Football stadium at Clemson University in Clemson, South Carolina

Frank Howard Field at Memorial Stadium, known as "Death Valley", is an outdoor stadium on the campus of Clemson University near Clemson, South Carolina. It is home to the Clemson Tigers football team of the Atlantic Coast Conference (ACC).

Built between 1941–1942, the stadium was originally named Memorial Stadium in memory of "all Clemson men who have made the supreme sacrifice for their country." In 1974, when legendary, long-time head coach and athletic director Frank Howard retired from the university, it was announced that the playing surface would be named in his honor.

The stadium has seen expansions throughout the years with the most recent being the WestZone with Phase 1 construction beginning in 2004 and completing in 2015 with the addition of the Oculus, the final piece of Phase 3. Phase 1 of the EastZone project began in 2020.

Prior to the completion of Bank of America Stadium, in Charlotte, Memorial Stadium served as the home venue for the National Football League (NFL)'s Carolina Panthers during the team's inaugural 1995 season.

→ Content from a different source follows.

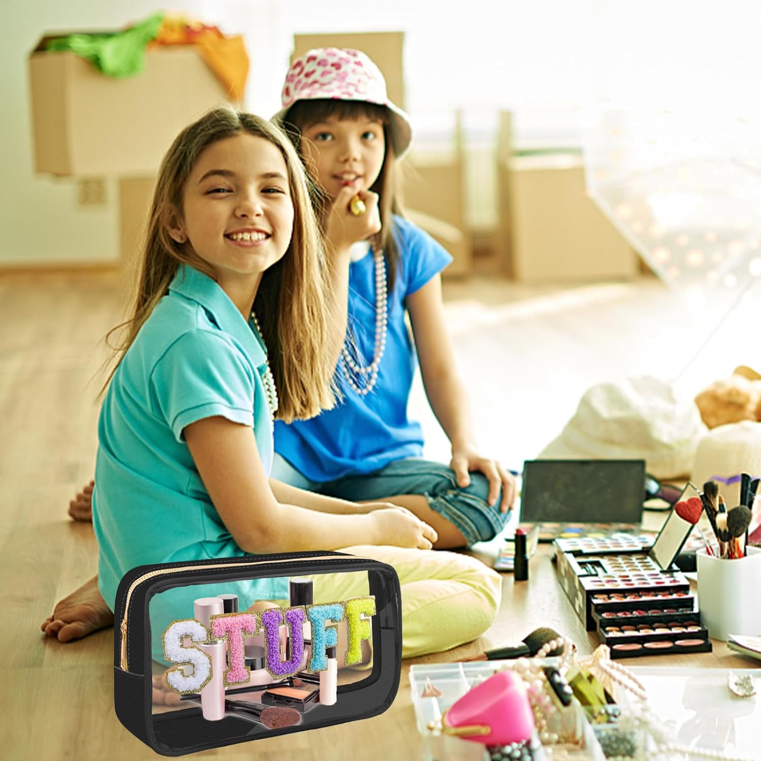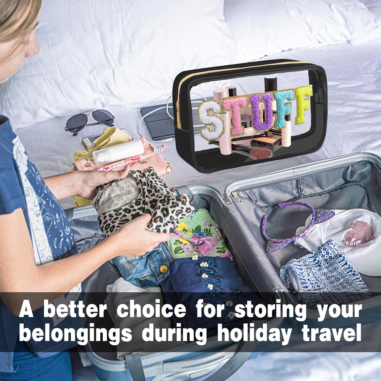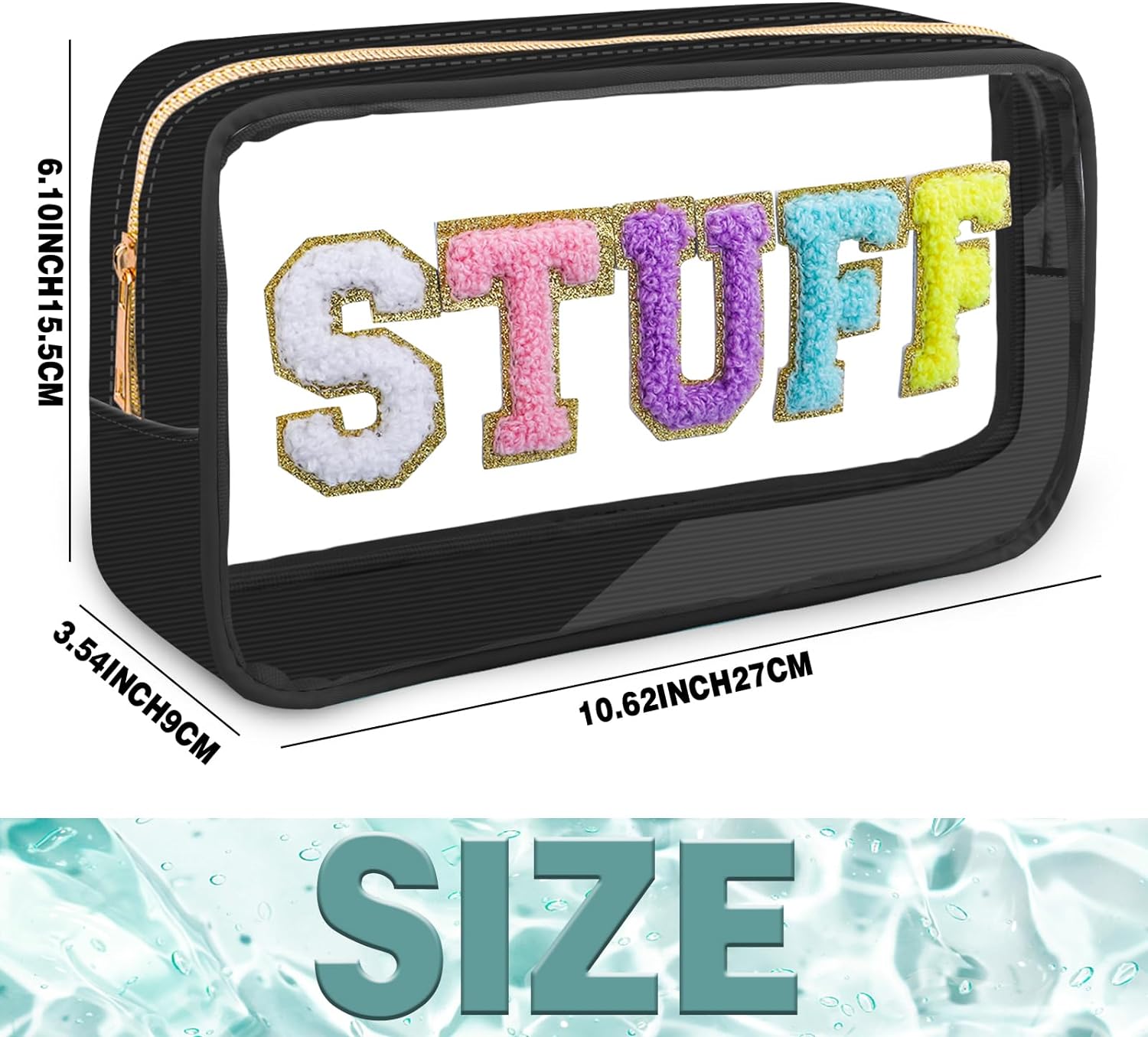 • Unique Design - The makeup bags offer pink, blue and black colors for you. You can choose the color that suits you according to your personal preference and style. The front of the bag has a unique stitch chenille letter. Colorful chenille, glitter varsity letter patches and a gold zipper made the makeup bag preppy and Unique.

Currently, the stadium is the largest in the ACC.

==History ==

===Construction===
The stadium was constructed against the wishes of outgoing Clemson head coach Jess Neely. Just before leaving for Rice University after the 1939 season, he told his line coach and successor, Frank Howard, "Don't ever let them talk you into building a big stadium. Put about 10,000 seats behind the YMCA. That's all you'll ever need." Despite this, Clemson officials decided it was time to build a stadium to replace old Riggs Field. They chose to build in the valley in the western part of campus. On April 3, 1941, the South Carolina General Assembly ratified an act authorizing a $150,000 bond issue for the new stadium, and the bill went to Governor Burnet R. Maybank for signature. The original 20,500-seat stadium—the lower half of the current facility's south grandstand—was constructed for $125,000 or $6.25 a seat. The stadium was designed by Carl Lee of Charlotte, North Carolina (Clemson '08) and Professor H. E. Glenn of the engineering faculty. On September 19, 1942, Memorial Stadium was opened with a 32–13 victory over Presbyterian College. Much of the early construction of the stadium was done by scholarship athletes. In fact, the first staking out of the stadium was done by A. N. Cameron and Hugh Webb, two members of the football team.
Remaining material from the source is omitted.